There are many barriers as to why people do not exercise and I spend a huge proportion of my job as a running coach trying to break down these barriers.
We know that taking up a sport like running has a huge amount of physical and psychological benefits as is widely reported but what happens if you just can’t get out of the front door due to anxiety and depression. Starting something new, especially later on in life is a big deal and anxiety levels can go off the scale just at the thought of doing something that you may already think you are not very good at. People can even experience feelings of low self-worth for not trying something that is deemed to make them feel better.
I receive a lot of emails from people saying they won’t start running until they’ve lost some weight or can run 5k already. The perception is that we need to be really good at exercise before we even start or we just shouldn’t do it.

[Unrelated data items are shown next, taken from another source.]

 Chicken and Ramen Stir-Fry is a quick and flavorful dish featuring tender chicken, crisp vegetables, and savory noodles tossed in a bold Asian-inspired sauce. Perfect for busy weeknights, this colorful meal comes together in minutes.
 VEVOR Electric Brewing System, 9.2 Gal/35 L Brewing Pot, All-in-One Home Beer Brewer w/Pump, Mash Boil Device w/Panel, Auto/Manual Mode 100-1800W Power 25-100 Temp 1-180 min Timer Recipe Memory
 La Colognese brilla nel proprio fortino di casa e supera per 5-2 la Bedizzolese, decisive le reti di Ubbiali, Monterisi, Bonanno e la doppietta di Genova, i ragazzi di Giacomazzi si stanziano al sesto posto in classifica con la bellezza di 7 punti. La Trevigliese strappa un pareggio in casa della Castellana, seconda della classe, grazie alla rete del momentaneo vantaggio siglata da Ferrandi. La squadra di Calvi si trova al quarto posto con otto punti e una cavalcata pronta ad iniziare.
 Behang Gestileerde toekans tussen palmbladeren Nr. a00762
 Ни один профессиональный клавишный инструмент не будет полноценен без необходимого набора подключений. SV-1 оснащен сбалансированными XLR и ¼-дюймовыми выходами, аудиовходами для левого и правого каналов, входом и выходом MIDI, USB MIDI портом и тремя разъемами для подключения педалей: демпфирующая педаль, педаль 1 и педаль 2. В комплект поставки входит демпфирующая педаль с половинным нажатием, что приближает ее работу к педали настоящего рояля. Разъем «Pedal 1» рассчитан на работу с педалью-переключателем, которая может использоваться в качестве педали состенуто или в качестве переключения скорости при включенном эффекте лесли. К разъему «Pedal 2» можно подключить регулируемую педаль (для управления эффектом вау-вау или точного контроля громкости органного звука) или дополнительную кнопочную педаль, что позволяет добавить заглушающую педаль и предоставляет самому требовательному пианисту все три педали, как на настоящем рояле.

In my experience there seems to be a message that until you have the body of someone who exercises then you can’t exercise. A common theme in my email communication from prospective clients is “I’ll be the obese one!” I’ve never met that person, they don’t actually exist, only in the head of the nervous would be runner who just wants to give it a go to see if they can run. And these thoughts aren’t gender specific to women, I have the same emails from men as well.
A lot of people run to lose weight so that they can start leading the life that they want to “when I’ve lost that weight, I will be happier, look like someone else, live a different life”. A great deal of time can be wasted comparing ourselves to others, looking sideways for our self-esteem when in fact we should be looking at what we have achieved already. Comparison to others can lead people to experience even more anxiety and it can be a very lonely and destructive road to go down.

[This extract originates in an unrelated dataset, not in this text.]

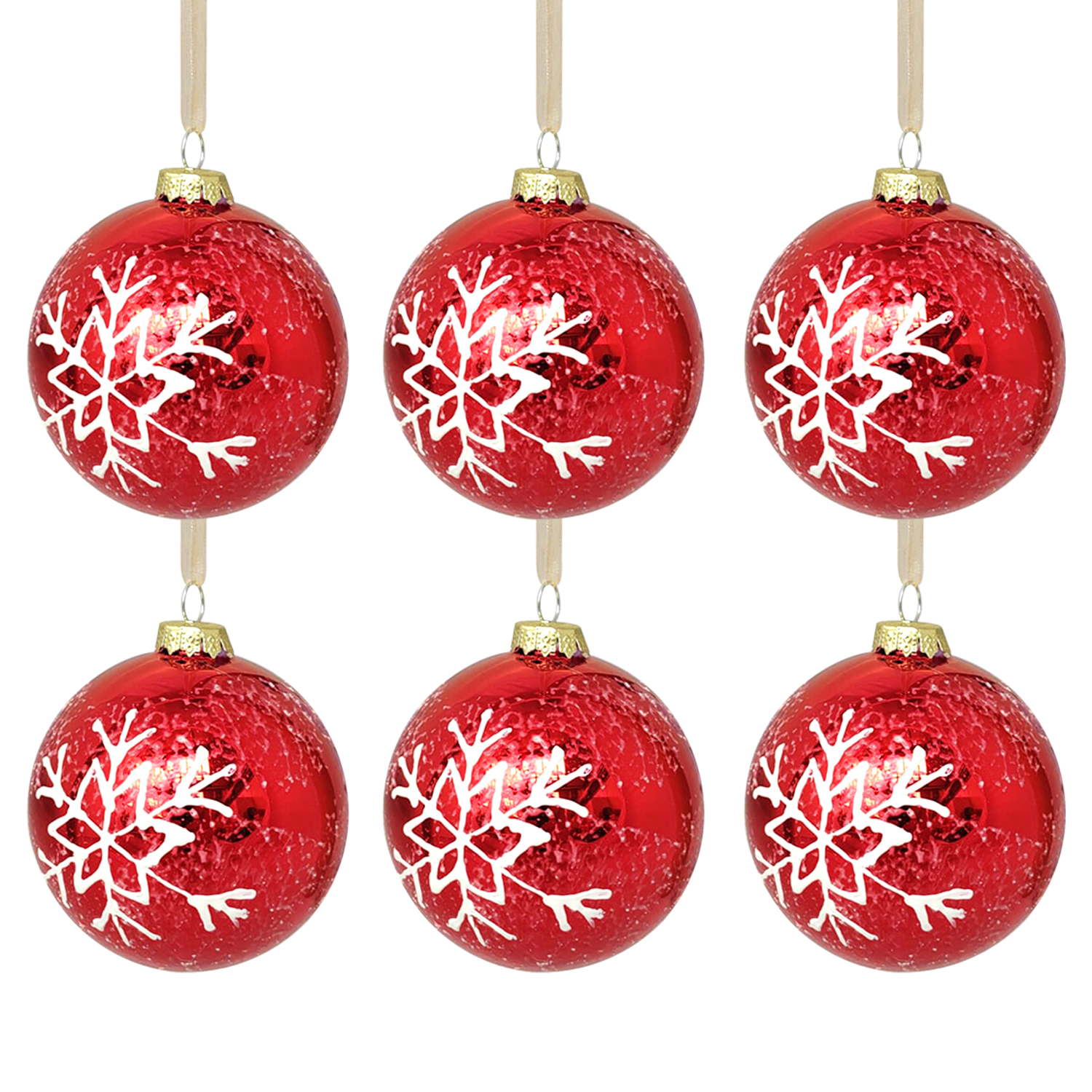 Pack of 6 Red Glass Snowflake Christmas Baubles – Snowflake Magic for Tree Decorations
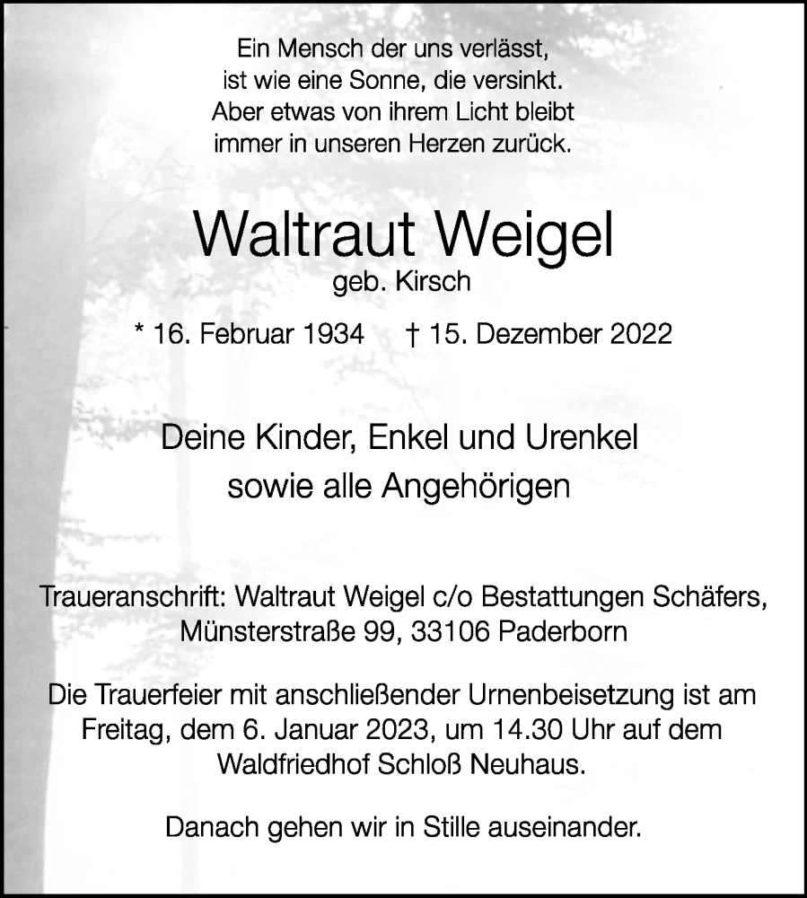 Hier finden Sie alle Traueranzeigen aus der Zeitung, die bisher für Waltraud Weigel erschienen sind. Weitere Traueranzeigen, die in der Zeitung erscheinen, werden hier ebenfalls aufgelistet

Learning to run and sticking to running is hard, we live in a world of instant gratification, where we get results quickly, lose weight quickly, smash our 5k time quickly. Sometimes we need to just slow down, breathe and work with the body we’ve got right now. Having even a small shift in attitude towards starting something new like running and learning to appreciate not only the physical benefits but also the impact on our mental health. Looking after our mental health is just as important as our physical health, learning to self-care and be kind to ourselves can only be a good thing.
Join a supportive running group - Find a group that says it’s ok to be slow and it’s ok to walk when you need to. A group like this where you will always be supported no matter what your speed is may be the difference between failure and success.
Confidence - Taking up running later on in life can give you confidence that you never knew you had. You may even achieve goals that you never thought were possible.
I will to I can - Running enables you to go from I will to I can, starting at one point, in most cases 0, and becoming adept at that goal gives you the belief that you can meet new challenges. This enables you to build up a healthy relationship with running so it becomes less of a chore to get out of the front door.